• To do:
The exercise asks you to copy every line below in which "fully" appears.

--- Given records Enclosed Below ---

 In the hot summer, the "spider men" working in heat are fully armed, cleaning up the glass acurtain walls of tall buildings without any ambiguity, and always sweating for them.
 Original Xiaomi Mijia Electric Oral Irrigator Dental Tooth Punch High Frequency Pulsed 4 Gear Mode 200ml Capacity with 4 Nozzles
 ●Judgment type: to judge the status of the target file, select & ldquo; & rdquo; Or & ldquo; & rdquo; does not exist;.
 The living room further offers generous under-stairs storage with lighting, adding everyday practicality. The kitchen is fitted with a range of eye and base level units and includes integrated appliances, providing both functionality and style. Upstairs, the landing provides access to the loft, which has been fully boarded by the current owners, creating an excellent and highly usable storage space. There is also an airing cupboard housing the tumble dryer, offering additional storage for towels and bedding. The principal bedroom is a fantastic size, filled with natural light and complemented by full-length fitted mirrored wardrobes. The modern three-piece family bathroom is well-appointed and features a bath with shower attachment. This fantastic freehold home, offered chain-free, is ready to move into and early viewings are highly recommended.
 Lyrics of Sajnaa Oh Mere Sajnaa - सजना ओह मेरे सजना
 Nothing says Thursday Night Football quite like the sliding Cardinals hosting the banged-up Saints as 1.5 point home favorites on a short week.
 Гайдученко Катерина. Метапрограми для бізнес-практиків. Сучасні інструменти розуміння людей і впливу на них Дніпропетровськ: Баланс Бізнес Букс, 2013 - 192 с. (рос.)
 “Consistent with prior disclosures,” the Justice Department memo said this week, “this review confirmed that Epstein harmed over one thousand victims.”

--- End of Enclosed Given records ---
--- Given records Enclosed Below ---

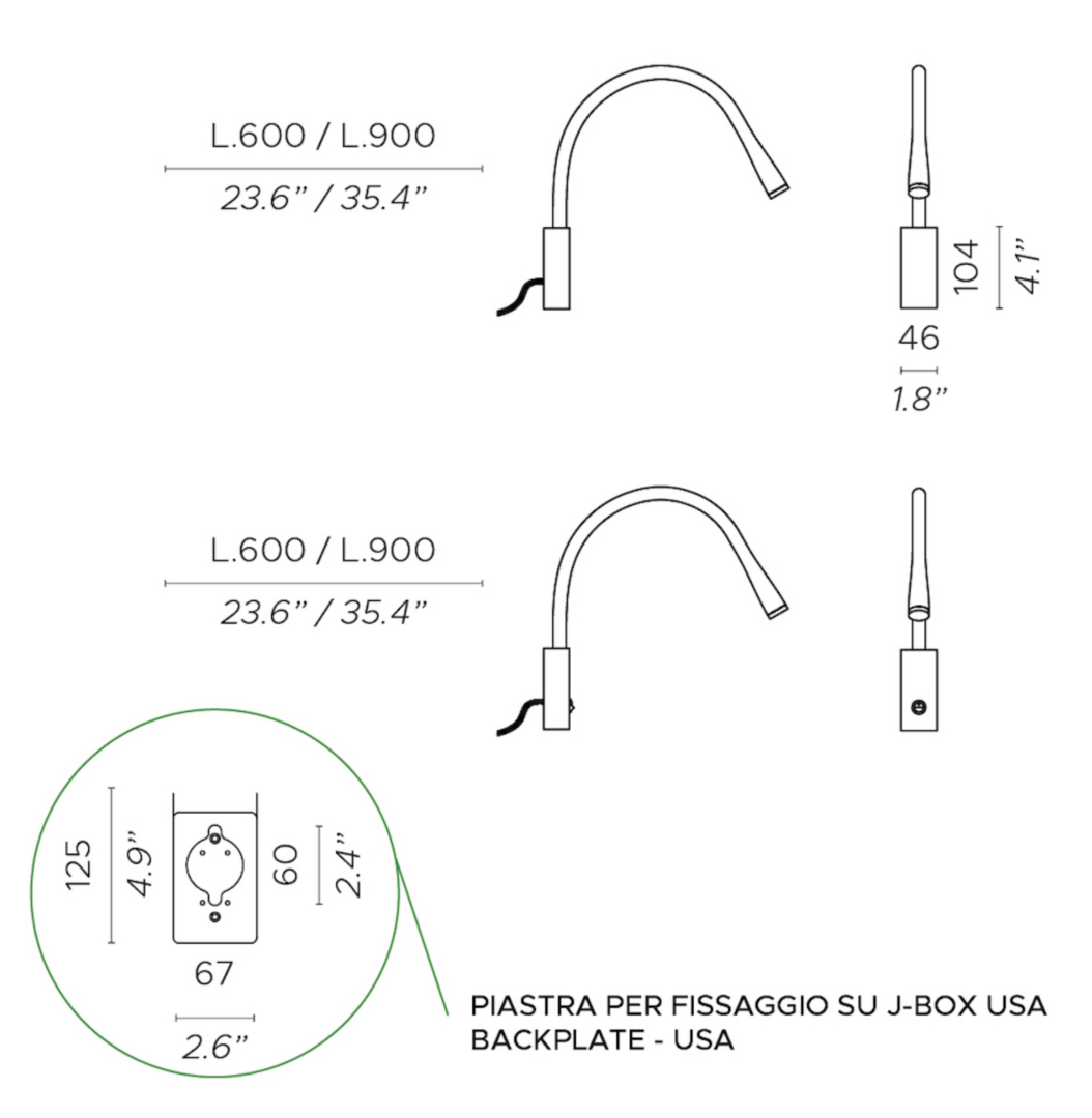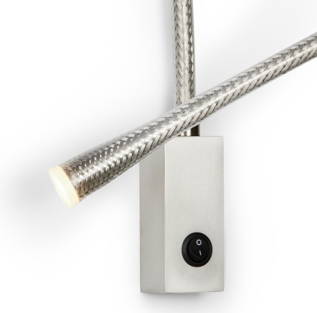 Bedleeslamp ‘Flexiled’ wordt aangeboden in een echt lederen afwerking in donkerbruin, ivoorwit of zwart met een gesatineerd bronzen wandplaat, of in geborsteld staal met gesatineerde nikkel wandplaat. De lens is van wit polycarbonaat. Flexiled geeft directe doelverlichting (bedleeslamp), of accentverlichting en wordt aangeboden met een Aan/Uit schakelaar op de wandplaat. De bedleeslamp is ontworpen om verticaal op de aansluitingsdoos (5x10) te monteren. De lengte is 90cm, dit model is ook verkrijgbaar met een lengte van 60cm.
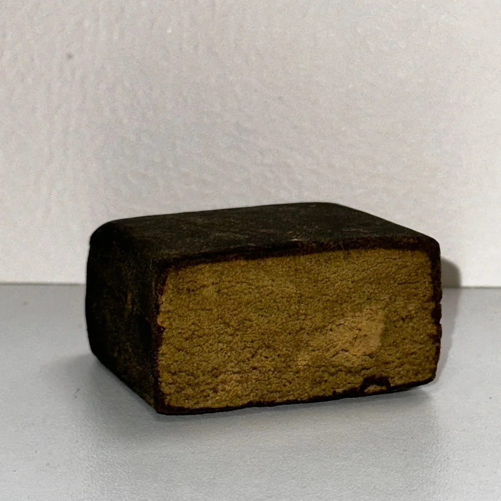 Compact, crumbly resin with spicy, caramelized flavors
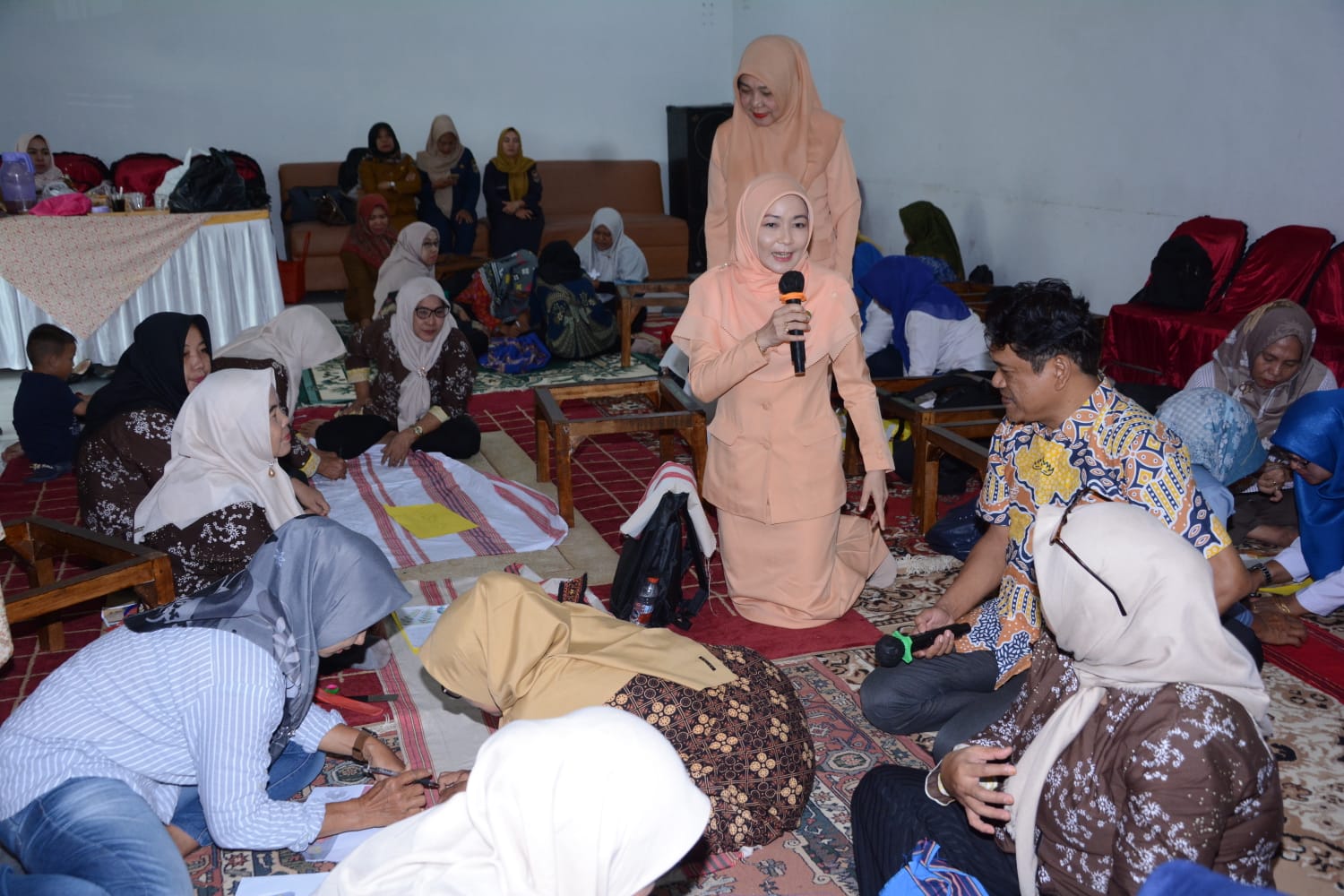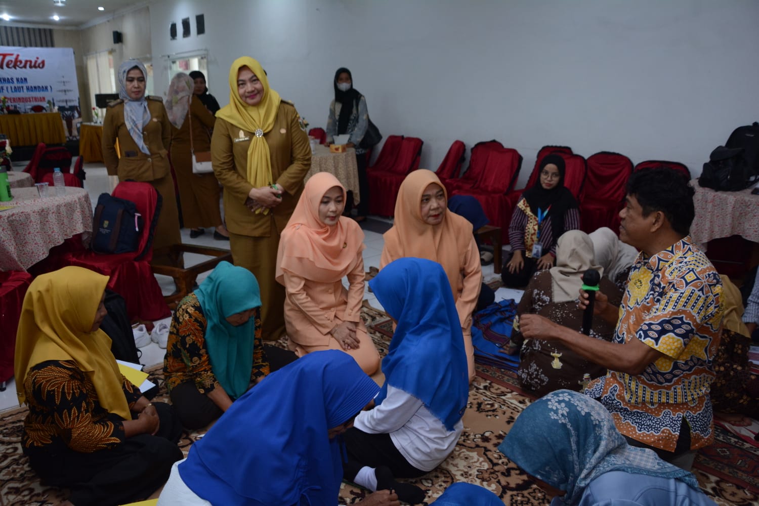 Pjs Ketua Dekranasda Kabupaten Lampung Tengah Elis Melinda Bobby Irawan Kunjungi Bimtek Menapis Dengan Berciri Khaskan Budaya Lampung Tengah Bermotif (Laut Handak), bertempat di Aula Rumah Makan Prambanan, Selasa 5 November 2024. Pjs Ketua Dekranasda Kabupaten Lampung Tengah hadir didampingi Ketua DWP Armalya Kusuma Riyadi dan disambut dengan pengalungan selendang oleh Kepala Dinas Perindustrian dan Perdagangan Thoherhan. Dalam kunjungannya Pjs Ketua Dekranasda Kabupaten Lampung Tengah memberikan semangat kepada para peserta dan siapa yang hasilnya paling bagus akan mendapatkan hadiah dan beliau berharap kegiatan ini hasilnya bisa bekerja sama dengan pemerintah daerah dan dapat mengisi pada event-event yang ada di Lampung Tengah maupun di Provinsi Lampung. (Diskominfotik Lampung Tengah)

--- End of Enclosed Given records ---

• Task response:
 In the hot summer, the "spider men" working in heat are fully armed, cleaning up the glass acurtain walls of tall buildings without any ambiguity, and always sweating for them.
 The living room further offers generous under-stairs storage with lighting, adding everyday practicality. The kitchen is fitted with a range of eye and base level units and includes integrated appliances, providing both functionality and style. Upstairs, the landing provides access to the loft, which has been fully boarded by the current owners, creating an excellent and highly usable storage space. There is also an airing cupboard housing the tumble dryer, offering additional storage for towels and bedding. The principal bedroom is a fantastic size, filled with natural light and complemented by full-length fitted mirrored wardrobes. The modern three-piece family bathroom is well-appointed and features a bath with shower attachment. This fantastic freehold home, offered chain-free, is ready to move into and early viewings are highly recommended.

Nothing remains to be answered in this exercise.